*** RECORDED INFORMATION Section Begins ***
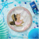 Convite de chá de bebê de sapato de salto alto rosa e dourado com adorável bebê loira de cabelo claro vestindo tutu rosa e colar de pérolas sentada em um par de sapatos de salto alto elegantes com glitter dourado em um fundo de cetim rosa e dourado. Esses pratos de papel para chá de bebê rosa e dourado são facilmente personalizados com texto, ou você pode remover o fundo de cetim e adicionar sua própria cor de fundo. Este é um design impresso sem glitter, pérolas, cetim, etc. reais.
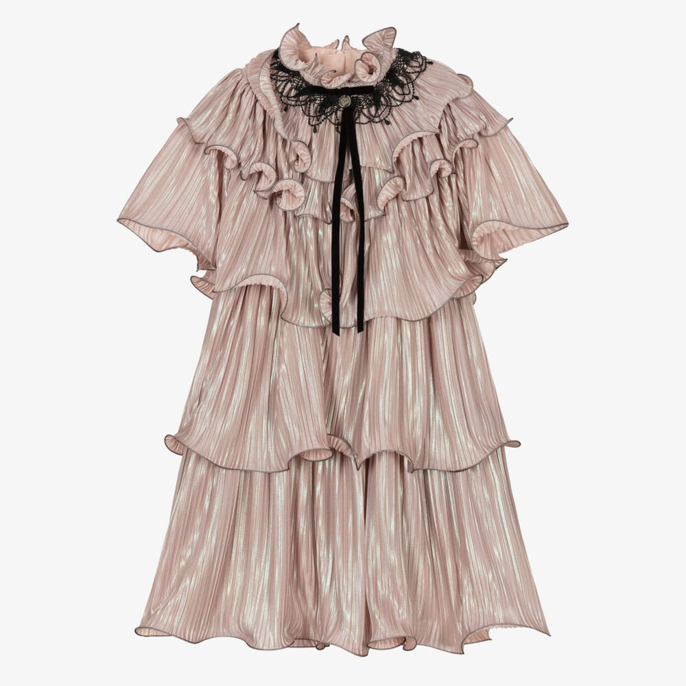 Shimmering pink plissé dress for girls by Junona. Layers of ruffles cascade from the neck to create a dramatic tiered look on the stunning special occasion dress. A lacy black collar, velvet ribbon bow and gold logo charm, gives it an elegant finish. Soft and lightweight, it is lined in cotton voile for comfort and fastens neatly at the back with a concealed zip.
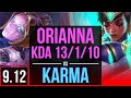 ORIANNA vs KARMA (TOP) KDA 13/1/10, 2 early solo kills, Legendary
*** RECORDED INFORMATION Section Ends ***
__WORK TO BE COMPLETED__. Without changing a word, retype the data above and omit its pictures.

__ANSWER SECTION__.
 Convite de chá de bebê de sapato de salto alto rosa e dourado com adorável bebê loira de cabelo claro vestindo tutu rosa e colar de pérolas sentada em um par de sapatos de salto alto elegantes com glitter dourado em um fundo de cetim rosa e dourado. Esses pratos de papel para chá de bebê rosa e dourado são facilmente personalizados com texto, ou você pode remover o fundo de cetim e adicionar sua própria cor de fundo. Este é um design impresso sem glitter, pérolas, cetim, etc. reais.
 Shimmering pink plissé dress for girls by Junona. Layers of ruffles cascade from the neck to create a dramatic tiered look on the stunning special occasion dress. A lacy black collar, velvet ribbon bow and gold logo charm, gives it an elegant finish. Soft and lightweight, it is lined in cotton voile for comfort and fastens neatly at the back with a concealed zip.
 ORIANNA vs KARMA (TOP) KDA 13/1/10, 2 early solo kills, Legendary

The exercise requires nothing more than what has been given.